Nelle biblioteche ben assortite viene dedicato molto lavoro a disporre il patrimonio librario in modo tale da favorirne la consultazione. L’ordine nella collocazione dei libri è a sua volta il risultato di una vera e propria competenza scientifica, “la scienza bibliotecaria”.
Anche l’organizzazione relativa alle pubblicazioni scientifiche mediante collane e riviste segue il modello di una rigorosa selezione e suddivisione sulla base della competenza disciplinare. È questa strutturazione degli argomenti ad andare persa nel web. I collegamenti seguono essenzialmente la distribuzione statistica del comportamento dell’utente e riproducono in tal modo catene associative la cui pertinenza sistematica è piuttosto insignificante.
I motori di ricerca, che non rivelano i loro algoritmi, contribuiscono a rendere la situazione ancora meno chiara nella misura in cui perseguono interessi commerciali. Sul web vengono a mancare numerose funzioni di filtraggio assicurate dai gatekeepers: figure come i bibliotecari, lettori nelle case editrici, recensori nelle riviste, redattori in quotidiani e televisioni.
Ciò significa che viene richiesta sempre più a ogni singolo utente della rete una capacità di giudizio da esercitare in proprio. La semplice fornitura di dati non sostituisce la capacità di valutare gli stessi, né di saper vagliare se siano affidabili o su quali argomenti si basino.
Il world wide web ci mette a confronto con una vasta molteplicità di interpretazioni, tesi, teorie e ideologie: diventa sempre più difficile farsi un’opinione. Gli esseri umani che tendono a seguire credenze presentate in modo suggestivo, o che eludono fatti scomodi rifugiandosi dietro schermature illusorie, sono destinati a perdere rapidamente l’orientamento nel nuovo universo digitale. Essi si rinchiudono in bolle all’interno dei social media, oppure si fanno trascinare da flussi di dati, i famosi big data, senza approcciarsi – talvolta neanche minimamente – in modo critico.
“Big data” ed “informazione” non sono sinonimi. Il concetto di big data si riferisce al fatto che oggi disponiamo di un’enorme quantità di dati in molti campi, e siccome sono così tanti e continuamente aggiornati, possono rivelarsi utilissimi come possono creare mera confusione. Ed è per questo che è diventato importante saperli studiare ed analizzare. Mentre informazione è un concetto ben diverso e si colloca a valle di quello dei big data: analizzando questa grande mole di dati, estrarne conoscenza.
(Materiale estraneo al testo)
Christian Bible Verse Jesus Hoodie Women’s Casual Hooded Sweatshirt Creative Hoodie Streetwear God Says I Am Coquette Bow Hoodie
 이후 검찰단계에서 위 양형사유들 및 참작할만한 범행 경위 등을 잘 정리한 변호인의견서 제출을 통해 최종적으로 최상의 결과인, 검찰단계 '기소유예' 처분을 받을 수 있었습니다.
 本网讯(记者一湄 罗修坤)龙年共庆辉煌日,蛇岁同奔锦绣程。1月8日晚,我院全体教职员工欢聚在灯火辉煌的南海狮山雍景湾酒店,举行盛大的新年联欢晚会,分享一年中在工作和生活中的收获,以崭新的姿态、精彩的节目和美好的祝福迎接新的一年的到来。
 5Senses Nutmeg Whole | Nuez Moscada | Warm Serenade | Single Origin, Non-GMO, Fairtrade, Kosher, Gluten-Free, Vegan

Ad esempio, dati, vuole dire quante persone in questo momento mostrano sintomi come febbre, brividi e tosse. Informazione è conoscere, comprendere e valutare se è in corso un’epidemia.
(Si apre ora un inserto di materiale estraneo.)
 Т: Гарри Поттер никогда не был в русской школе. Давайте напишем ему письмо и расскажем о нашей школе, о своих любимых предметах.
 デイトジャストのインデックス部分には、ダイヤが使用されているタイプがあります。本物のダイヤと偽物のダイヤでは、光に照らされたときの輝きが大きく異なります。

A ben vedere, non viviamo in una società del sapere (informazione), bensì in una società dei dati, o meglio, in un’economia dei dati. La disponibilità di dati abbinata agli algoritmi di intelligenza artificiale che descrivono il modo di comportarsi degli individui (la propensione all’acquisto per esempio), è diventata un modello di successo per fare affari che fanno prosperare i giganti di internet.
Questa società dei big data, la cui massima fioritura giungerà probabilmente con l’espansione del settore delle telecomunicazioni attraverso il 5G, il settore lavorativo con lo smartworking ed il settore del trasporto a la guida autonoma, non è quindi una società della conoscenza, perché la conoscenza consiste in credenze vere e fondate. La conoscenza richiede capacità di giudizio e di analisi. La conoscenza implica capacità di attribuire valore, classificare e interpretare i dati.
La grande sfida che ha di fronte a sé il sistema formativo nell’epoca del digitale è quella di riuscire a trasformare la tendenza attuale all’economia dei dati nello sviluppo di una società del sapere. Riproporre dunque un modello educativo che metta al centro la capacità di comprensione e di giudizio dei dati, nonché il loro “ordine di collocazione” analogo a quello dei libri nel sistema bibliotecario.